== Supplied records ==
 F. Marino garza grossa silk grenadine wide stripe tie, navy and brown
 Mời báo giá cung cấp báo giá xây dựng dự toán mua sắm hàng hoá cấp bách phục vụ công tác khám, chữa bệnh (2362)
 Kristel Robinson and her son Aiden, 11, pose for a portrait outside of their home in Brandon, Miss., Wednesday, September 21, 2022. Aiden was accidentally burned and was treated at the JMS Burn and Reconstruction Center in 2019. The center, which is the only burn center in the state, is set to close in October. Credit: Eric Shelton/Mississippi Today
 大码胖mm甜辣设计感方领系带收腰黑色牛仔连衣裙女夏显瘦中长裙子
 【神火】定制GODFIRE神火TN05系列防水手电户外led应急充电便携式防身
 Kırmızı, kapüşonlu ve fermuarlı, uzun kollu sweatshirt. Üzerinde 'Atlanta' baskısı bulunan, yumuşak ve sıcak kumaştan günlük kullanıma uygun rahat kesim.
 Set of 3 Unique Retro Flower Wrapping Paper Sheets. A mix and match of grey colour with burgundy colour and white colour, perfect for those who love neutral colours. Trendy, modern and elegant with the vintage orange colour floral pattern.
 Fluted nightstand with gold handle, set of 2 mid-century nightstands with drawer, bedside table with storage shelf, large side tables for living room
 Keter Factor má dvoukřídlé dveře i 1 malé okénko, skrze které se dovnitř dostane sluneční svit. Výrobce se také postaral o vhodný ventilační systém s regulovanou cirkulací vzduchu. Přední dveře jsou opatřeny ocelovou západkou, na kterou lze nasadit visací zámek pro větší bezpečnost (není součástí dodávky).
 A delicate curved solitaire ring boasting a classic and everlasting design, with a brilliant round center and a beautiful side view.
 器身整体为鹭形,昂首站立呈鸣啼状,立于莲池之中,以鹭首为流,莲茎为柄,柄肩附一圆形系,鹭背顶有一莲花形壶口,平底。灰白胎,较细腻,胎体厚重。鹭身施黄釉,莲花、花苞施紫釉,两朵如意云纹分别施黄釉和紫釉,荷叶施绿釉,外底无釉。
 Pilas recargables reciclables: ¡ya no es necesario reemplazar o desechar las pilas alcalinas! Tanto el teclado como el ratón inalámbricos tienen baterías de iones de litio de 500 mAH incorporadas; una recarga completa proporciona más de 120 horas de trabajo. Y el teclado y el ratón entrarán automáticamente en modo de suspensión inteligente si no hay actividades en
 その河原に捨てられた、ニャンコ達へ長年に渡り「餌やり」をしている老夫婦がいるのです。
===
Exercise instructions: Lines from the top of the entries through the line with "器身整体为鹭形,昂首站立呈鸣" are to be transcribed exactly, and nothing more.

Solution for this exercise:
 F. Marino garza grossa silk grenadine wide stripe tie, navy and brown
 Mời báo giá cung cấp báo giá xây dựng dự toán mua sắm hàng hoá cấp bách phục vụ công tác khám, chữa bệnh (2362)
 Kristel Robinson and her son Aiden, 11, pose for a portrait outside of their home in Brandon, Miss., Wednesday, September 21, 2022. Aiden was accidentally burned and was treated at the JMS Burn and Reconstruction Center in 2019. The center, which is the only burn center in the state, is set to close in October. Credit: Eric Shelton/Mississippi Today
 大码胖mm甜辣设计感方领系带收腰黑色牛仔连衣裙女夏显瘦中长裙子
 【神火】定制GODFIRE神火TN05系列防水手电户外led应急充电便携式防身
 Kırmızı, kapüşonlu ve fermuarlı, uzun kollu sweatshirt. Üzerinde 'Atlanta' baskısı bulunan, yumuşak ve sıcak kumaştan günlük kullanıma uygun rahat kesim.
 Set of 3 Unique Retro Flower Wrapping Paper Sheets. A mix and match of grey colour with burgundy colour and white colour, perfect for those who love neutral colours. Trendy, modern and elegant with the vintage orange colour floral pattern.
 Fluted nightstand with gold handle, set of 2 mid-century nightstands with drawer, bedside table with storage shelf, large side tables for living room
 Keter Factor má dvoukřídlé dveře i 1 malé okénko, skrze které se dovnitř dostane sluneční svit. Výrobce se také postaral o vhodný ventilační systém s regulovanou cirkulací vzduchu. Přední dveře jsou opatřeny ocelovou západkou, na kterou lze nasadit visací zámek pro větší bezpečnost (není součástí dodávky).
 A delicate curved solitaire ring boasting a classic and everlasting design, with a brilliant round center and a beautiful side view.
 器身整体为鹭形,昂首站立呈鸣啼状,立于莲池之中,以鹭首为流,莲茎为柄,柄肩附一圆形系,鹭背顶有一莲花形壶口,平底。灰白胎,较细腻,胎体厚重。鹭身施黄釉,莲花、花苞施紫釉,两朵如意云纹分别施黄釉和紫釉,荷叶施绿釉,外底无釉。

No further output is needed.